The events of 11 September also kept visitors away, with city centre hostels, as well as the rural ones, hit by a fall in overseas bookings. Finally, teachers have stopped taking children on group holidays as they become more reluctant to deal with the extra security checks and paperwork, inspired by greater concerns about children's safety.

"It has been a very difficult time for us," said the YHA's chief executive, Roger Clarke. "To a certain extent we have bounced back in some areas after last year's troubles, but things are still difficult in Yorkshire and Cumbria. We have had to look at our network of 230 hostels and make tough choices about closure. We could not carry the losses. Instead we have had to make economies."
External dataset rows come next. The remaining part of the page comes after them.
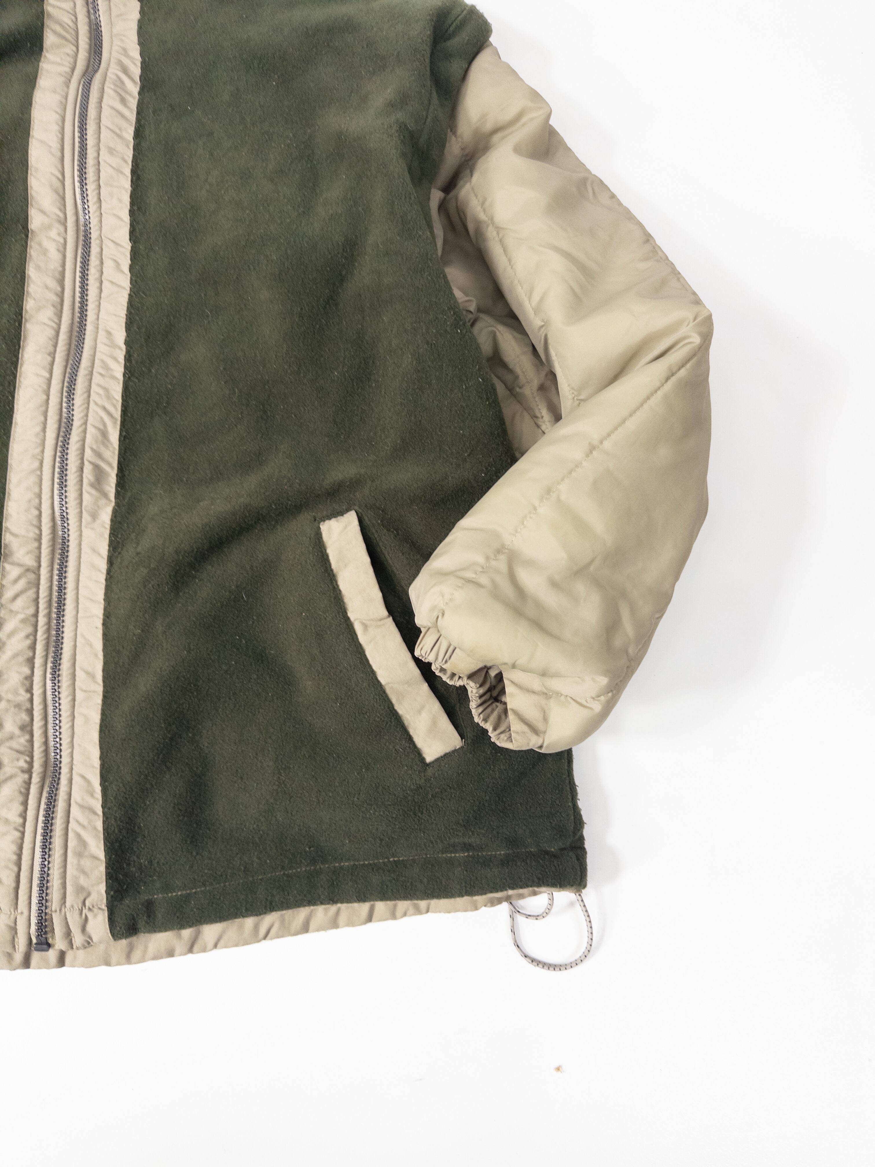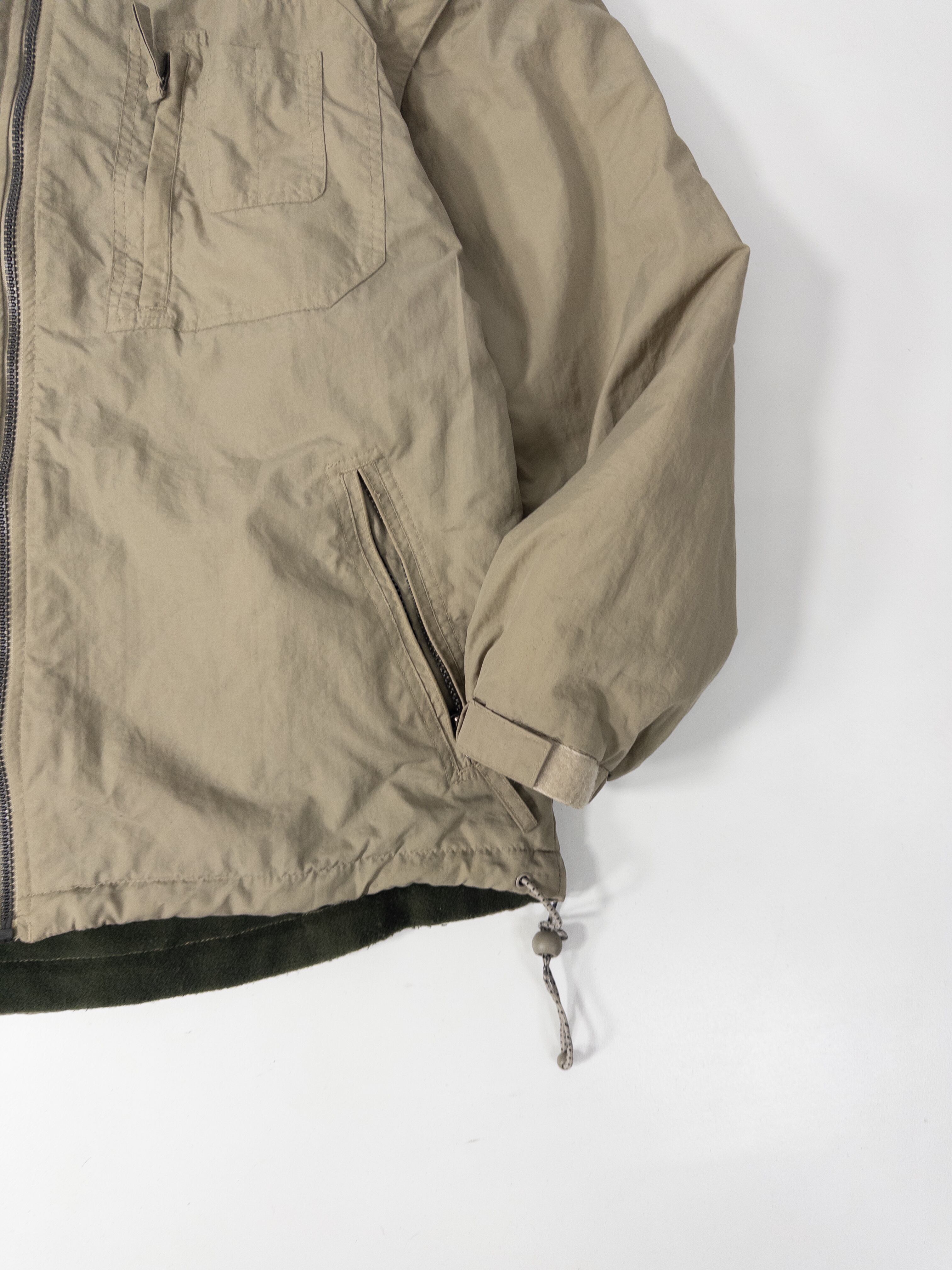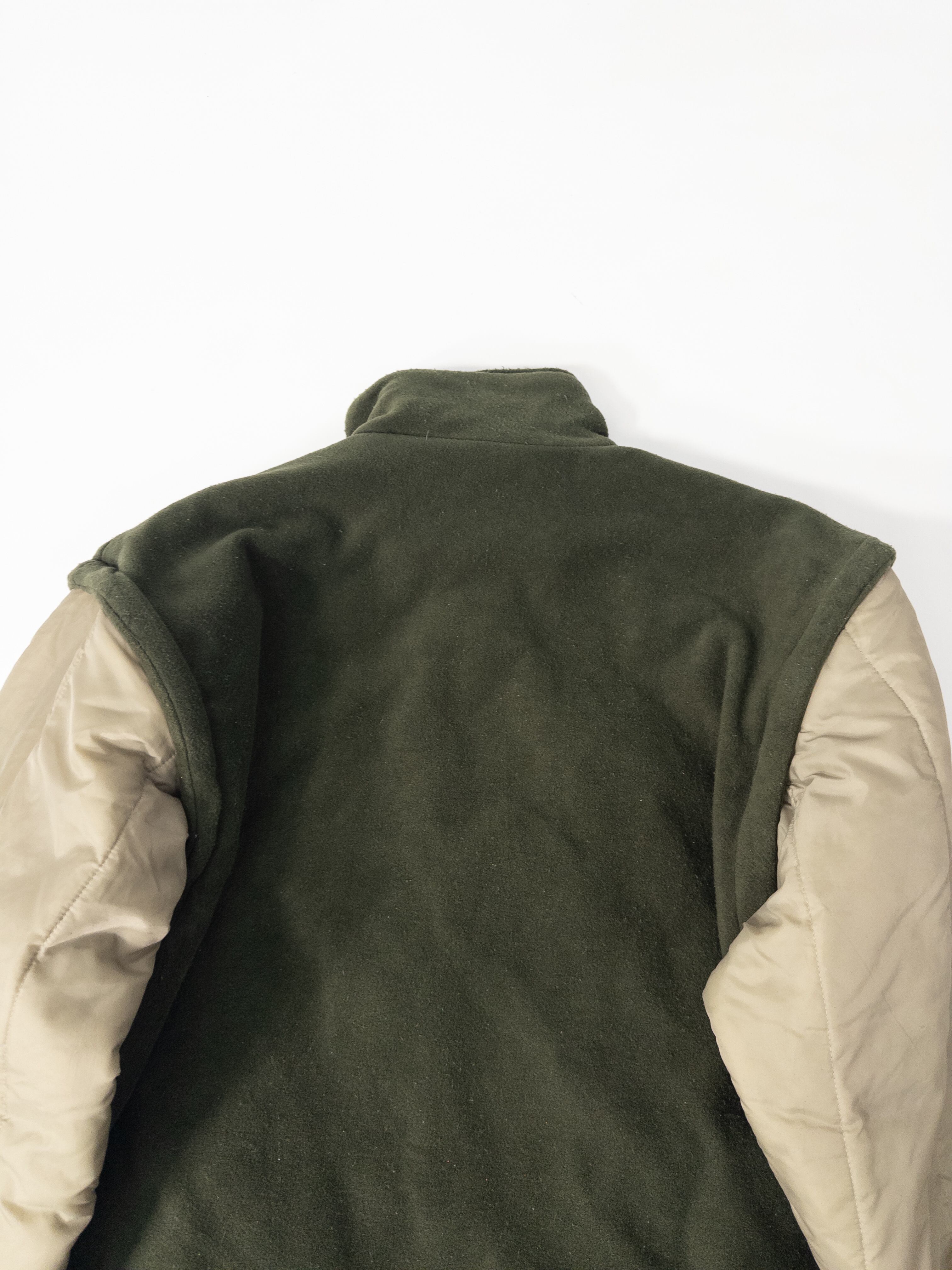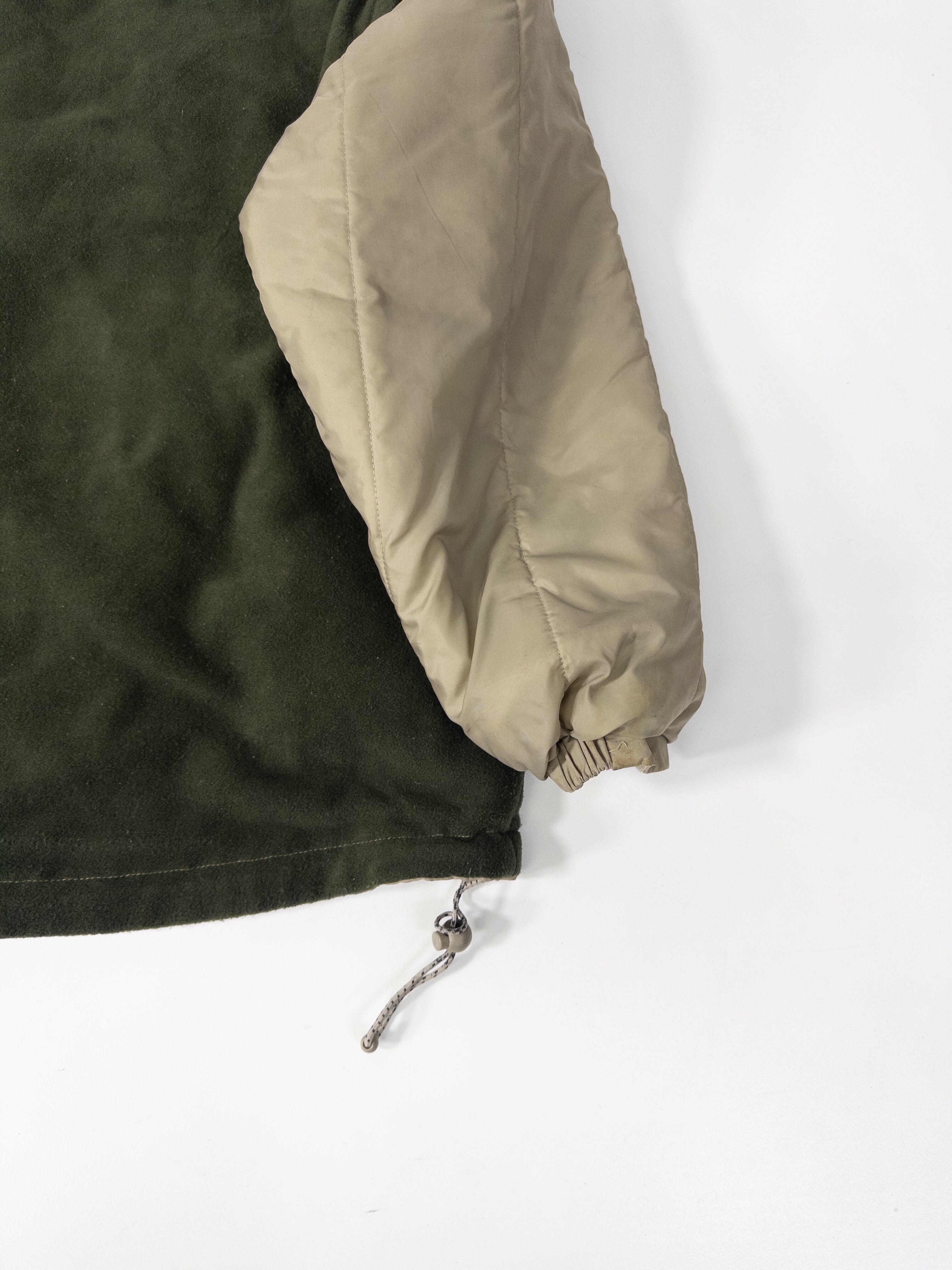 ナイロンシェルとフリースを組み合わせた構成で、片面はクリーンなベージュのナイロン、もう片面は深いオリーブのフリース仕様。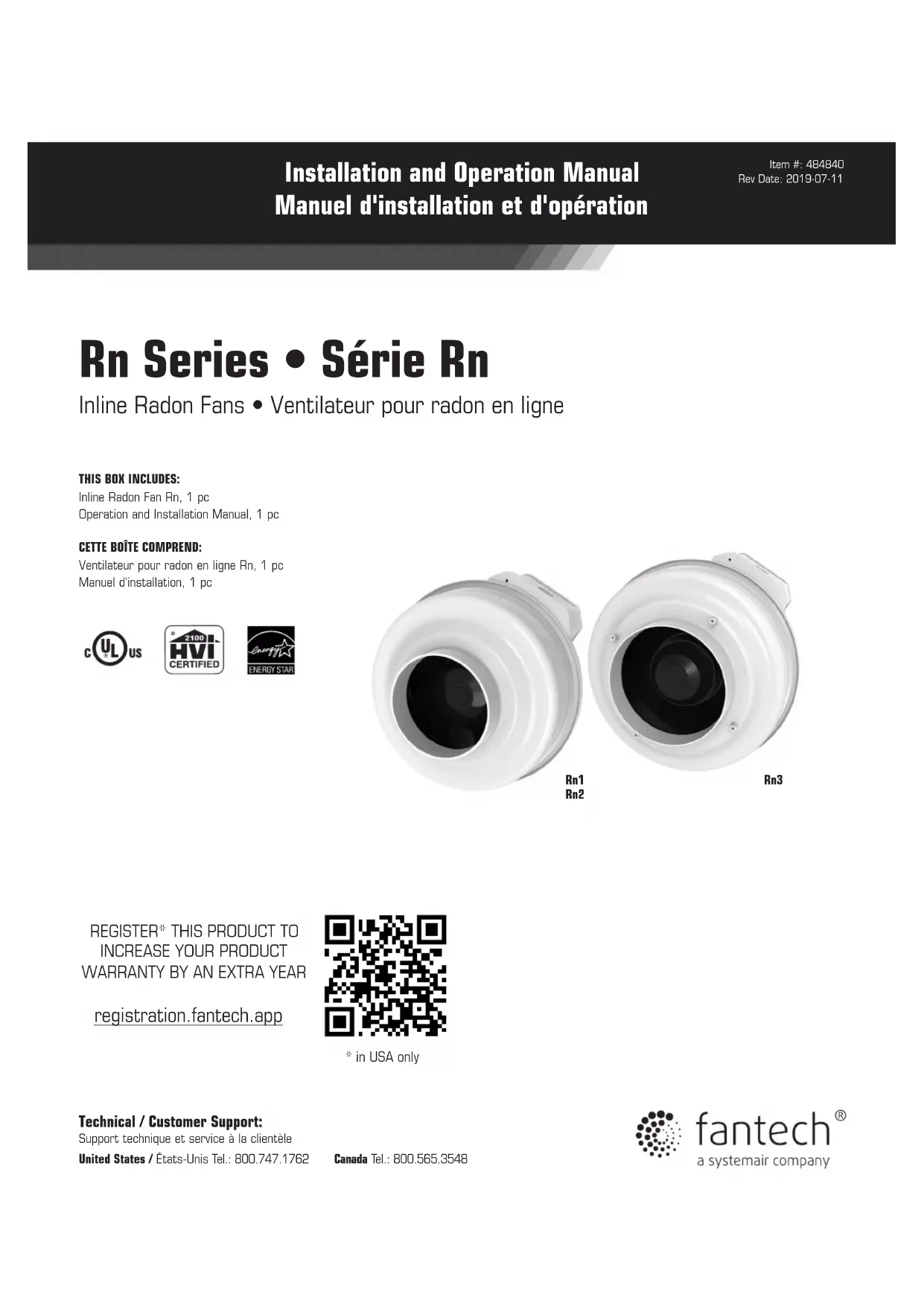 Technical / Customer Support: Support technique et service à la clientèle United States / États-Unis Tel.: 800.747.1762 Canada Tel.: 800.565.3548 Installation and Operation Manual Manuel d'installation et d'opération Item #: 484840Rev Date: 2019-07-11 Rn Series • Série Rn Inline Radon Fans • Ventilateur pour radon en ligne THIS BOX INCLUDES:Inline Radon Fan Rn, 1 pcOperation and Installation Manual, 1 pc CETTE BOÎTE COMPREND:Ventilateur pour radon en ligne Rn, 1 pcManuel d'installation, 1 pc registration.fantech.app
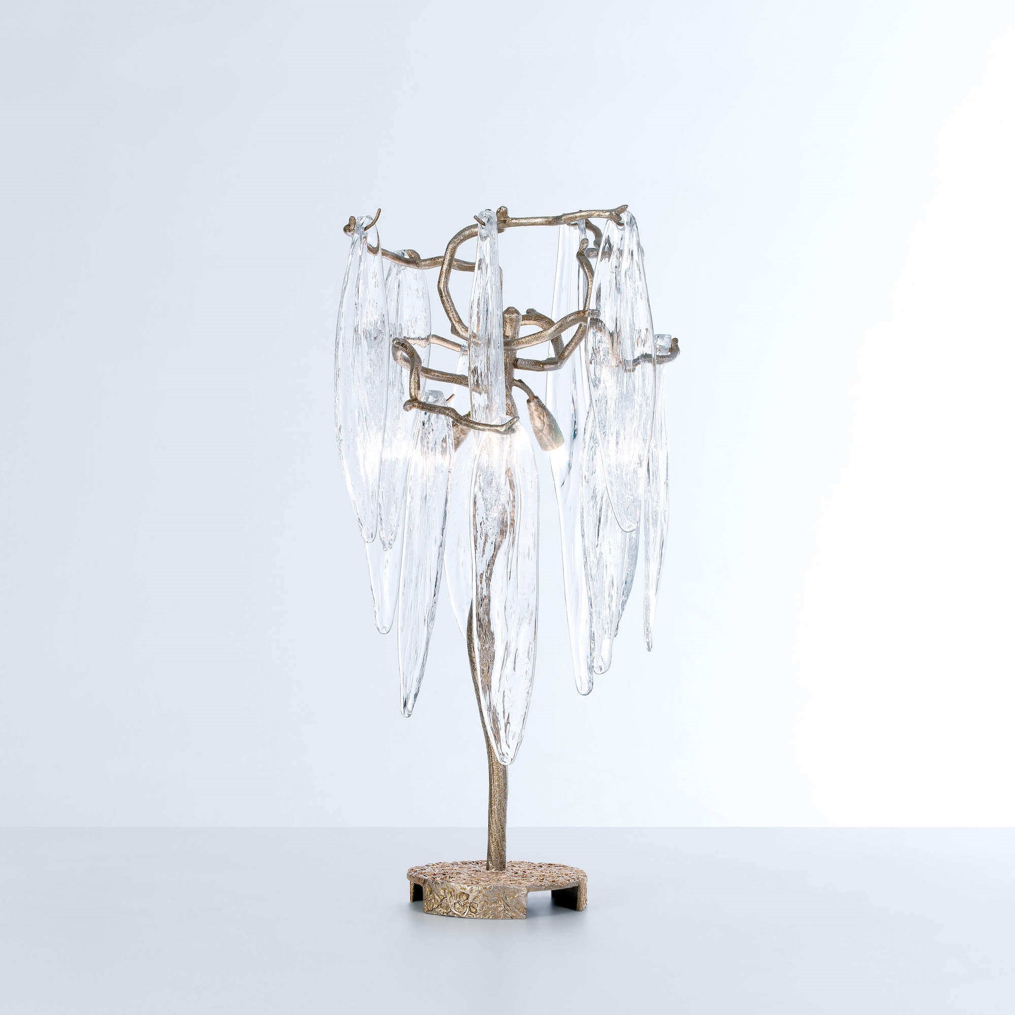 Featuring intrinsic solid verticality, the Waterfall collection plays with the duality of visually dense crystal pieces and the minimalism of the bronze structure. Impending water fractions suspended and immobilized, the glass of the Waterfall exist in an extended diversity of chromatic options, a characteristic that combined with the different bronze finishes, meets the need to combine with decoration elements of various shades in a grandiose visual presence.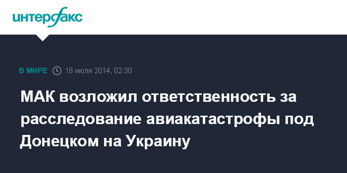 Москва. 18 июля. INTERFAX.RU - Председатель технической комиссии МАК Алексей Морозов заявил, что ответственность за расследование причин авиакатастрофы с малазийским "Боингом" лежит на Украине.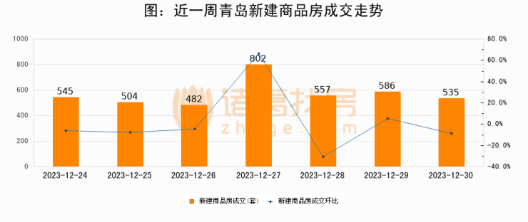 根据青岛市住房和城乡建设局数据显示,2023年12月30日青岛新建商品房成交535套,较昨日减少51套,环比下降8.7%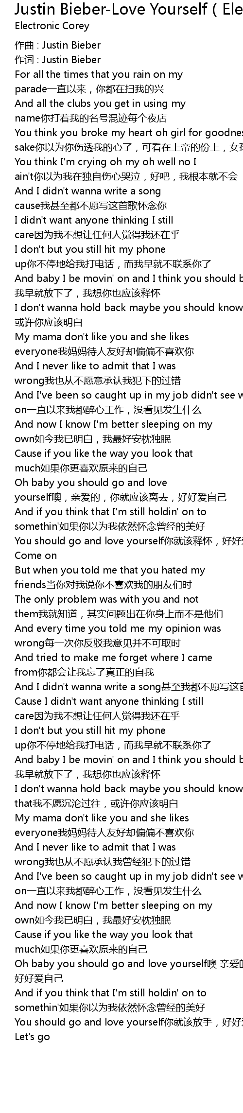 | [2:58] | Oh baby you should go and love yourself ō qīn ài de nǐ jiù yīng gāi lí qù hǎo hǎo ài zì jǐ |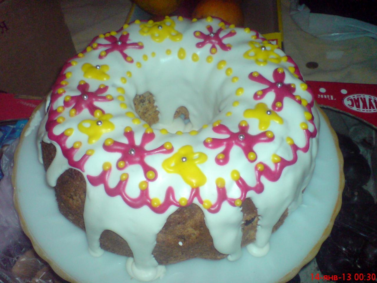 и залила всё белковой глазурью, а украшала сахарной глазурью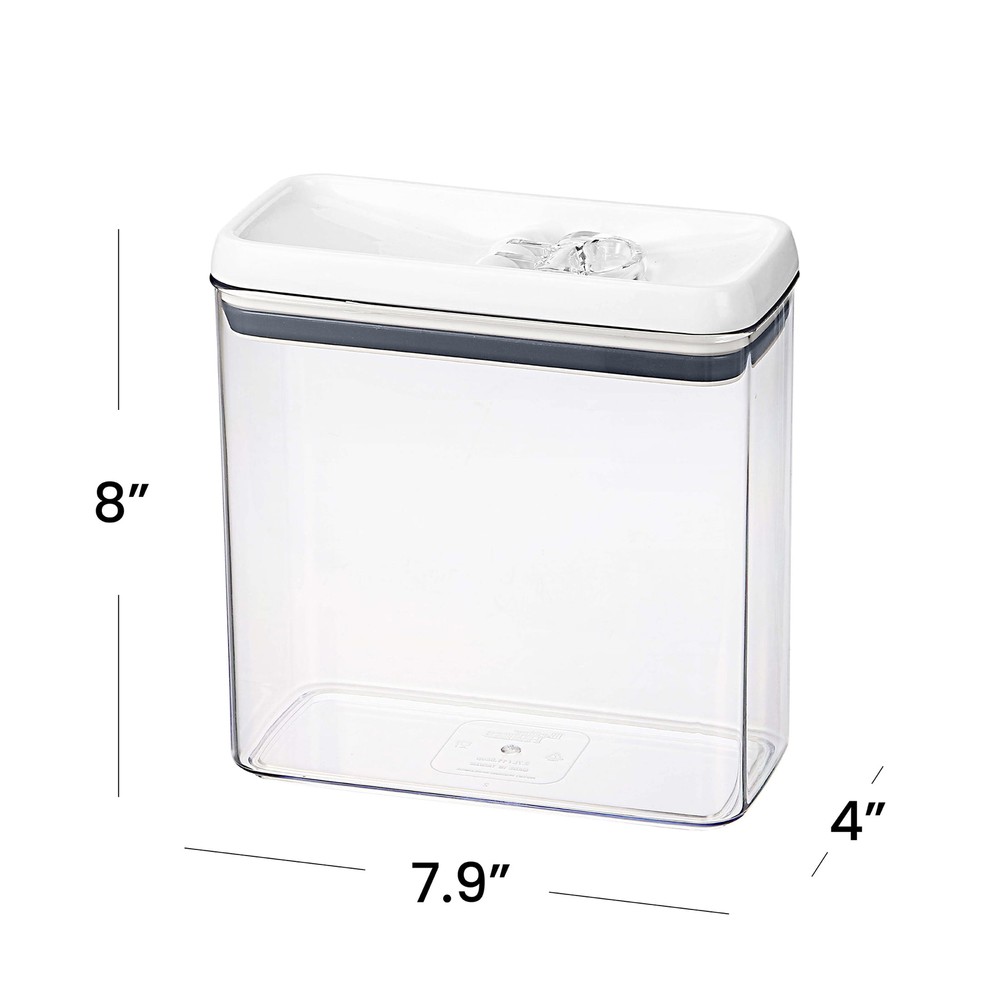 Keep your dry goods fresh with this Better Homes & Gardens Flip-Tite® Food Storage Containers. It is a handy item to have in your kitchen or pantry. These food storage containers are ideal for storing dry foods such as pasta, dried beans, and candies. It's made without Bisphenol A (BPA) to ensure the safety of your food. A clear storage container makes it easy to identify the stored contents at a glance without having to label each canister. It features an easy-to-open flip buckle lid with a food-grade safe seal and is made of durable construction. This container holds up to 11.1 cups of dry foods. Always wash before first use and remove the seal from the lid before wash. Allow all components to dry thoroughly before next use. The container and lid are dishwasher safe, the silicone seal is hand washed. Not Microwave safe. Do not carry Flip-Tite® Container by the lid. Better Homes & Gardens Flip-Tite® Rectangular 11.1 Cup Food Storage Container: Clear Food Storage Container with Easy Open Lid Stackable for Space Saving Storage BPA-Free Durable Material Dishwasher Safe This food storage container stores up to 11.1 cups of dry food

Among the hostels that have gone on the market are the Linton rectory, two houses in Derbyshire, a country seat in Lincolnshire, a rambling Norfolk pile and a whitewashed house in Berkshire close to Windsor Castle. The asking prices are up to £300,000. Another two hostels, in Aysgarth in Wensleydale and Dufton in Cumbria, may still be sold, but local protests have persuaded the YHA to carry out studies to see if alternative plans can be made.

The YHA was founded in the 1930s when the appetite for cycling and rambling was at its height. Its aim was to "help all, especially young people of limited means, to a greater knowledge, love and care of the countryside, particularly by providing hostels or other simple accommodation for them in their travels, and thus to promote their health, rest and recreation".

But the days when young people were happy to holiday in a hostel with single-sex dormitories and spartan bathrooms, and to help with the chores, are long gone. Today, 65 per cent of the YHA's members are over 45.

The organisation is currently trying to upgrade its image and its facilities. Guests no longer do chores, bedrooms are replacing dormitories and the YHA is trying to forge closer links with ethnic-minority community groups and disabled people.

The hostels picked for closure include those that require the most refurbishment, as well as those that have had the least business.

John Barker of the estate agents FPD Savills, which is handling the sales, said several of the hostels could make excellent private homes, but they would all require planning permission to be changed from hostels to private residences.

Roger Clarke is also trying to secure new business, both from new kinds of visitors and in new locations. "Our biggest growth is in families. We can provide them with very cheap holidays," he said.

And while it is closing down a series of hostels across Britain, the YHA is also opening news ones – in seaside and urban areas. London, for instance, now has seven hostels, all a far cry from the image of a youth hostel up a dirt track hidden away in a leafy valley.